Every entity must have a type which defines the sort of thing the entity describes, but giving an NGSI v2 entity the type=Store is relatively meaningless as no-one is obliged to shape their own Store entities in the same fashion. Similarly adding an attribute called name doesn't suddenly make it hold the same data as someone else's name attribute.

Relationships can be defined using NGSI v2, but only so far as giving the attribute an appropriate attribute name defined by convention ( e.g. starting with ref, such as refManagedBy) and assigning the attribute type=Relationship which again is purely a naming convention with no real semantic weight.

NGSI LD Data Model

The NGSI LD data model is more complex, with more rigid definitions of use which lead to a navigable knowledge graph.

Once again, entity can be considered to be the core element. Every entity must use a unique id URN, there is also a type, used to define the structure of the data held, which is also a URN. This URN should correspond to a well-defined data model which can be found on the web. For example the URN https://uri.fiware.org/ns/datamodels/Building is used to define common data model for a Building.

Entities can have properties and relationships. Ideally the name of each property should also be a well defined URN which corresponds to a common concept found across the web (e.g. http://schema.org/address is a common URN for the physical address of an item). The property will also have a value which will reflect the state of that property (e.g name="Checkpoint Markt").

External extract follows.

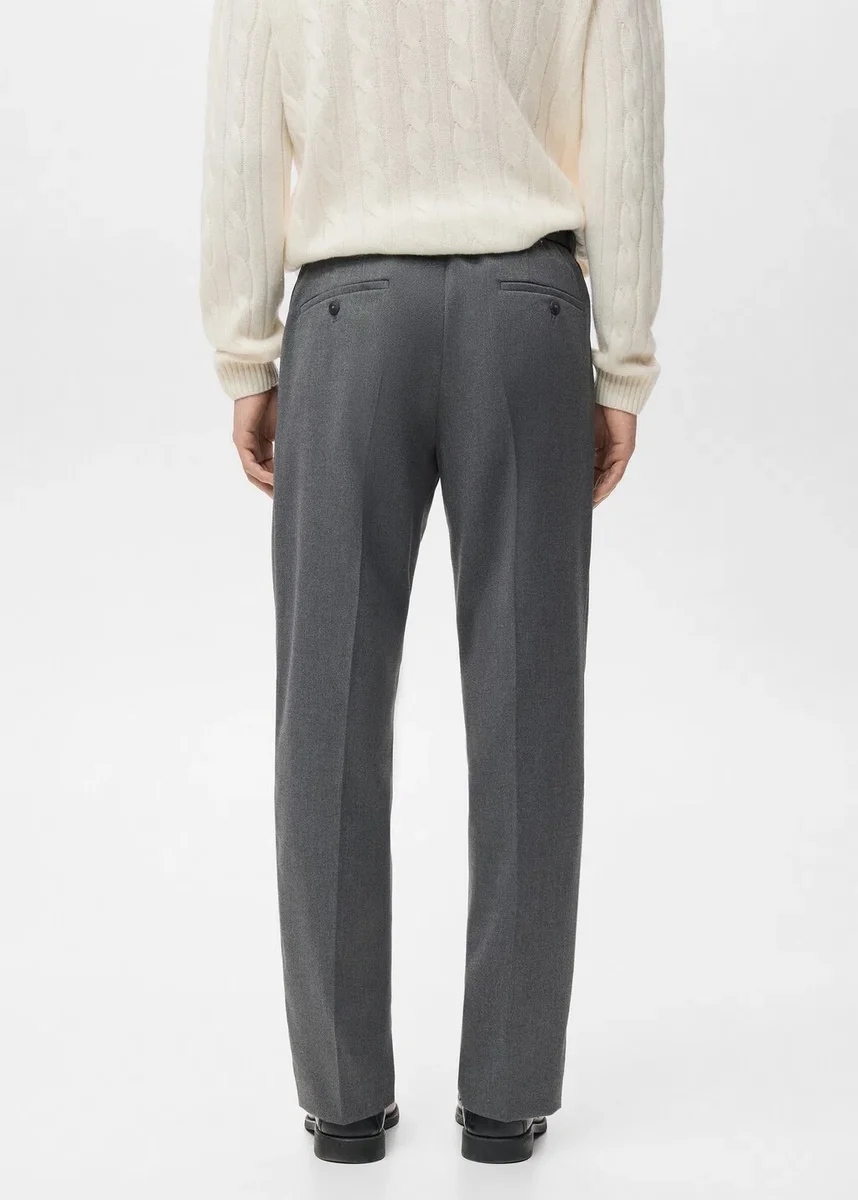 Collezione Party. Tessuto misto cotone. Design dritto. Elastico arricciato sul retro della cintura. Due tasche laterali. Due tasche a filetto con bottone sul retro. Passanti per cintura. Chiusura con zip e bottone.

Finally a property may itself have further properties (a.k.a. properties-of-properties) which reflect further information about the property itself. Properties and relationships may in turn have a linked embedded structure (of properties-of-properties or properties-of-relationships or relationships-of-properties or relationships-of-relationships etc.) which lead to the following:

An NGSI LD Data Entity (e.g. a supermarket):

Has an id which must be unique. For example urn:ngsi-ld:Building:store001,

Has type which should be a fully qualified URN of a well defined data model. For example https://uri.fiware.org/ns/datamodels#Building

Has property of the entity, for example, an address attribute which holds the adress of the store. This can be expanded into http://schema.org/address, which is known as a fully qualified name (FQN).

The address, like any property will have a value corresponding to the property address (e.g. Bornholmer Straße 65, 10439 Prenzlauer Berg, Berlin

Has a property-of-a-property of the entity, for example a verified field for the address.

Has a relationship of the entity, for example, a managedBy field where the relationship managedBy corresponds to another data entity : urn:ngsi-ld:Person:bob-the-manager

The relationship managedBy, may itself have a property-of-a-relationship (e.g. since), this holds the date Bob started working the store

The relationship managedBy, may itself have a relationship-of-a-relationship (e.g. subordinateTo), this holds the URN of the area manager above Bob in the hierarchy.

As you can see the knowledge graph is well defined and can be expanded indefinitely.

Relationships will be dealt with in more detail in a subsequent tutorial.

Prerequisites

Docker

To keep things simple all components will be run using Docker. Docker is a container technology which allows to different components isolated into their respective environments.

To install Docker on Windows follow the instructions here

To install Docker on Mac follow the instructions here

To install Docker on Linux follow the instructions here

Docker Compose is a tool for defining and running multi-container Docker applications. A YAML file is used configure the required services for the application. This means all container services can be brought up in a single command. Docker Compose is installed by default as part of Docker for Windows and Docker for Mac, however Linux users will need to follow the instructions found here

Cygwin

We will start up our services using a simple bash script. Windows users should download cygwin to provide a command-line functionality similar to a Linux distribution on Windows.